Recorded data
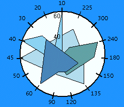 A Filled Radar chart draws the y value in each series along a radar line (the x value is ignored except for labels). If the data has n unique points, the chart plane is divided into n equal angle segments, and a radar line is drawn (representing each point) at n/360 degree increments. Each series is drawn "on top" of the preceding series. The series can be drawn independently or stacked. Filled Radar charts are the same as Radar charts, except that the area between the origin and the points is filled and symbols are not present. To create a Filled Radar chart, set theFilled property of the Radar class to True.
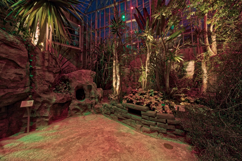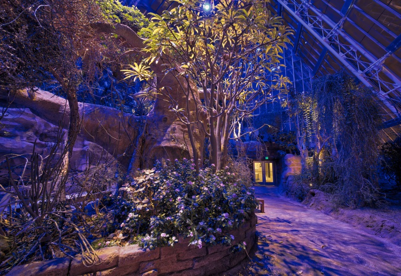 The new system incorporates: upper level color-changing luminaires as well as new midlevel and low level LED accent lighting. The space includes two other-worldly landscapes featuring 350 species of exotic plants and 50 different types of butterflies, birds, reptiles and amphibians through naturalistic habitats. The Glasshouse is considered unique among conservatories because it displays how plants, animals, geology and climate interact in delicate balance.
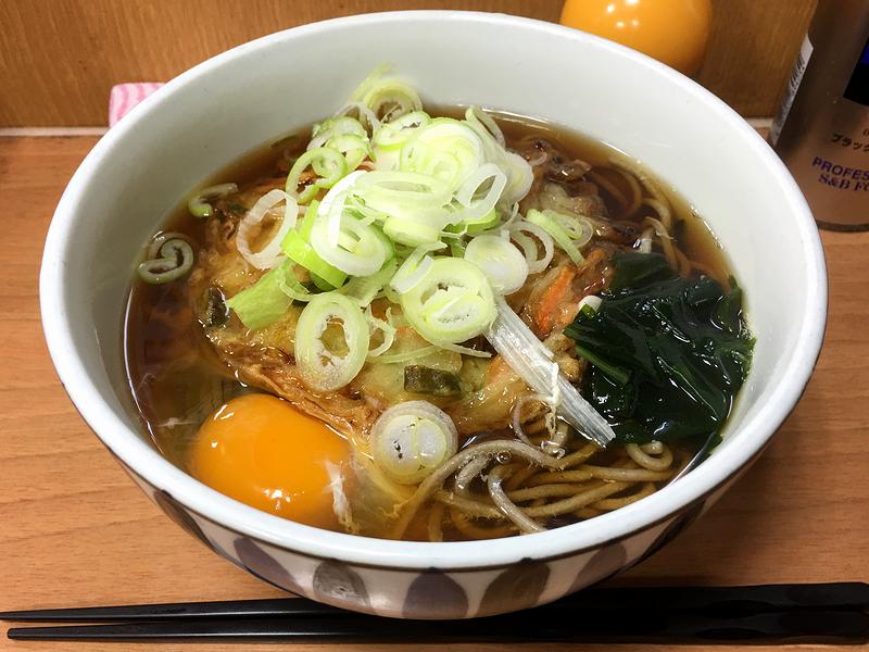そんな中選んだのは、結局いつもの組み合わせとなるこちらの品々。素早い調理で登場したものを受け取って早速、まずはツユからいってみたのですが、濃口醤油がメインに感じる関東的味わいで、出汁感はそこそこ。個人的に気になる塩気は、一般的には充分なレベルですが、あとほんの少し欲しい気もします。(しょっぱいもの好きなもので……。)またソバは、多分茹で麺だと思うのですが、ややモソっとした動きなれど歯応えは結構あるように感じます。そして具のかき揚げはややオイリーですが、柔らかく、ツユとの馴染みも良かったです。
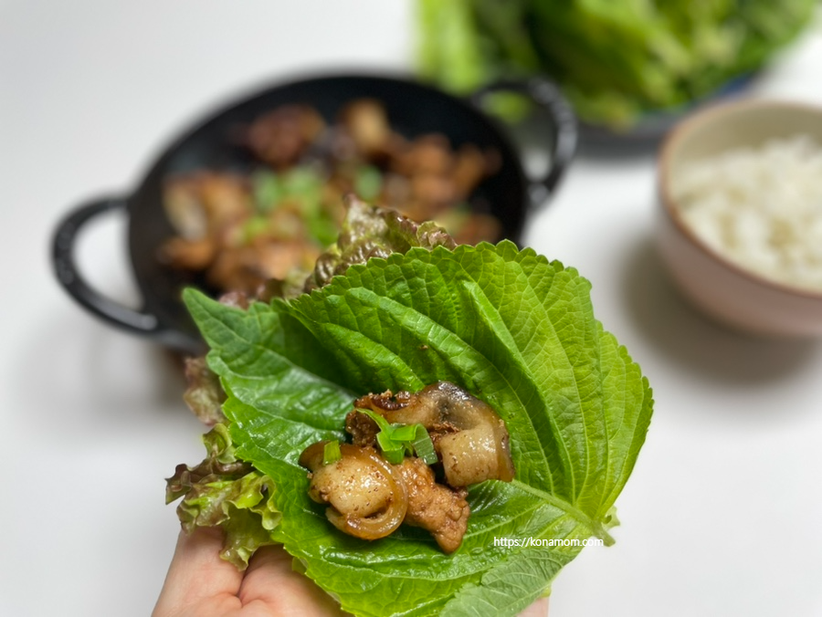 부추무침이랑 쌈무로 만든 무생채 레시피도 같이 나왔었는데, 주말농장에서 수확한 쌈채소가 있어서 기사식당느낌 돼지불백만 조리해서 먹었습니다.
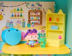 Vstúpte do mačacieho sveta s hernou sadou inšpirovanou obľúbeným seriálom GABBY’S DOLLHOUSE. Set „Cat-Terrific Celebration“ prináša figúrku Tekturka s pohyblivou hlavou a tematické doplnky, ktoré deťom umožnia znovu prežiť scény zo seriálu alebo si vymýšľať vlastné dobrodružstvá. Odolné materiály a detailné prevedenie zaručujú dlhú životnosť aj pri každodennej hre.
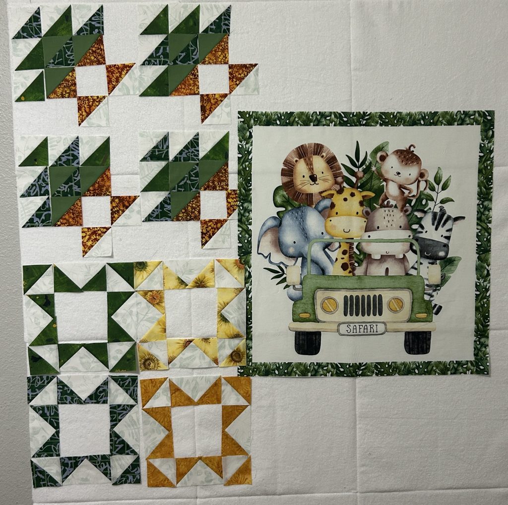 I wanted to make a sampler-style quilt with this panel for a baby boy, who is now a toddler. As the poor middle child, his older brother and younger sister both already have a blanket from me. Hopefully these blocks that I’m falling in love with will make up for it. 😂
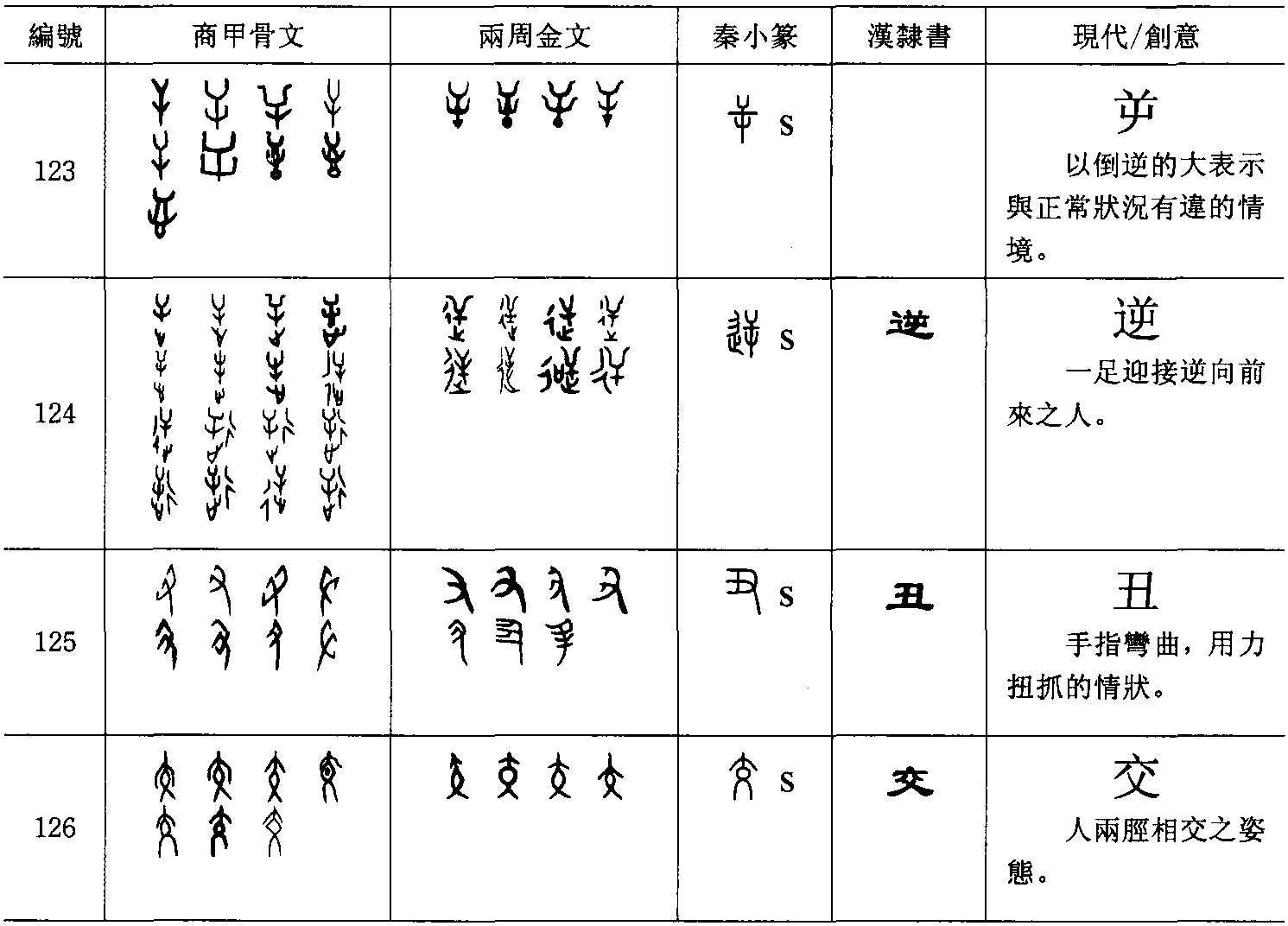 屰(字123)【 , 不順也。 从干, 下凵屰之也】, 大是人體的正常姿態,以倒逆的大表示與正常狀況有違的情境。後被併入逆(字124)【 , 迎也。 从辵屰聲。 關東曰逆, 關西曰迎】, 逆可能表現一足前迎逆向前來之客人,是表意字,非形聲字。丑(字125)【 , 紐也。 十二月萬物動用事, 象手之形。 日加丑亦舉手時也。凡丑之屬皆从丑】,手指彎曲之狀,表示用力扭抓的動作。假借為干支。交(字126)【 , 交脛也。 从大, 象交形。 凡交之屬皆从交】, 以人兩脛相交之姿態,表達交結的情況。C. 形體加符號 牟 【 ,牛鳴也。 从牛, 象其聲气从口出】, 以彎曲之 符號表達牛所呼出之氣。刃(字127)【 , 刀鋻也。 象刀有刃之形。 凡刃之屬皆从刃】, 一短畫指出刃在刀上的部位。
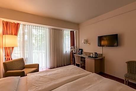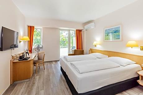 Just a 12-minute drive from Frankfurt Airport, this hotel offers free parking and modern rooms with a flat-screen TV. It enjoys a quiet park location and good access to the A66 motorway. All rooms at the 3-star Parkhotel Frankfurt Airport include flat-screen TV and desk with Wi-Fi access. A hairdryer and cosmetic mirror are provided in each bathroom. Hattersheim’s Old Town district and pedestrian zone can be explored on foot from the Parkhotel Frankfurt Airport. Hattersheim S-Bahn Train Station is a 5-minute walk away. Guests enjoy easy road and rail access to the centers of Frankfurt, Mainz and Wiesbaden. An airport shuttle (from the hotel to the airport only) is available for an extra charge.

(Problem) Print every record above exactly, with no pictures.

(Written solution)
 A Filled Radar chart draws the y value in each series along a radar line (the x value is ignored except for labels). If the data has n unique points, the chart plane is divided into n equal angle segments, and a radar line is drawn (representing each point) at n/360 degree increments. Each series is drawn "on top" of the preceding series. The series can be drawn independently or stacked. Filled Radar charts are the same as Radar charts, except that the area between the origin and the points is filled and symbols are not present. To create a Filled Radar chart, set theFilled property of the Radar class to True.
 The new system incorporates: upper level color-changing luminaires as well as new midlevel and low level LED accent lighting. The space includes two other-worldly landscapes featuring 350 species of exotic plants and 50 different types of butterflies, birds, reptiles and amphibians through naturalistic habitats. The Glasshouse is considered unique among conservatories because it displays how plants, animals, geology and climate interact in delicate balance.
そんな中選んだのは、結局いつもの組み合わせとなるこちらの品々。素早い調理で登場したものを受け取って早速、まずはツユからいってみたのですが、濃口醤油がメインに感じる関東的味わいで、出汁感はそこそこ。個人的に気になる塩気は、一般的には充分なレベルですが、あとほんの少し欲しい気もします。(しょっぱいもの好きなもので……。)またソバは、多分茹で麺だと思うのですが、ややモソっとした動きなれど歯応えは結構あるように感じます。そして具のかき揚げはややオイリーですが、柔らかく、ツユとの馴染みも良かったです。
 부추무침이랑 쌈무로 만든 무생채 레시피도 같이 나왔었는데, 주말농장에서 수확한 쌈채소가 있어서 기사식당느낌 돼지불백만 조리해서 먹었습니다.
 Vstúpte do mačacieho sveta s hernou sadou inšpirovanou obľúbeným seriálom GABBY’S DOLLHOUSE. Set „Cat-Terrific Celebration“ prináša figúrku Tekturka s pohyblivou hlavou a tematické doplnky, ktoré deťom umožnia znovu prežiť scény zo seriálu alebo si vymýšľať vlastné dobrodružstvá. Odolné materiály a detailné prevedenie zaručujú dlhú životnosť aj pri každodennej hre.
 I wanted to make a sampler-style quilt with this panel for a baby boy, who is now a toddler. As the poor middle child, his older brother and younger sister both already have a blanket from me. Hopefully these blocks that I’m falling in love with will make up for it. 😂
 屰(字123)【 , 不順也。 从干, 下凵屰之也】, 大是人體的正常姿態,以倒逆的大表示與正常狀況有違的情境。後被併入逆(字124)【 , 迎也。 从辵屰聲。 關東曰逆, 關西曰迎】, 逆可能表現一足前迎逆向前來之客人,是表意字,非形聲字。丑(字125)【 , 紐也。 十二月萬物動用事, 象手之形。 日加丑亦舉手時也。凡丑之屬皆从丑】,手指彎曲之狀,表示用力扭抓的動作。假借為干支。交(字126)【 , 交脛也。 从大, 象交形。 凡交之屬皆从交】, 以人兩脛相交之姿態,表達交結的情況。C. 形體加符號 牟 【 ,牛鳴也。 从牛, 象其聲气从口出】, 以彎曲之 符號表達牛所呼出之氣。刃(字127)【 , 刀鋻也。 象刀有刃之形。 凡刃之屬皆从刃】, 一短畫指出刃在刀上的部位。
 Just a 12-minute drive from Frankfurt Airport, this hotel offers free parking and modern rooms with a flat-screen TV. It enjoys a quiet park location and good access to the A66 motorway. All rooms at the 3-star Parkhotel Frankfurt Airport include flat-screen TV and desk with Wi-Fi access. A hairdryer and cosmetic mirror are provided in each bathroom. Hattersheim’s Old Town district and pedestrian zone can be explored on foot from the Parkhotel Frankfurt Airport. Hattersheim S-Bahn Train Station is a 5-minute walk away. Guests enjoy easy road and rail access to the centers of Frankfurt, Mainz and Wiesbaden. An airport shuttle (from the hotel to the airport only) is available for an extra charge.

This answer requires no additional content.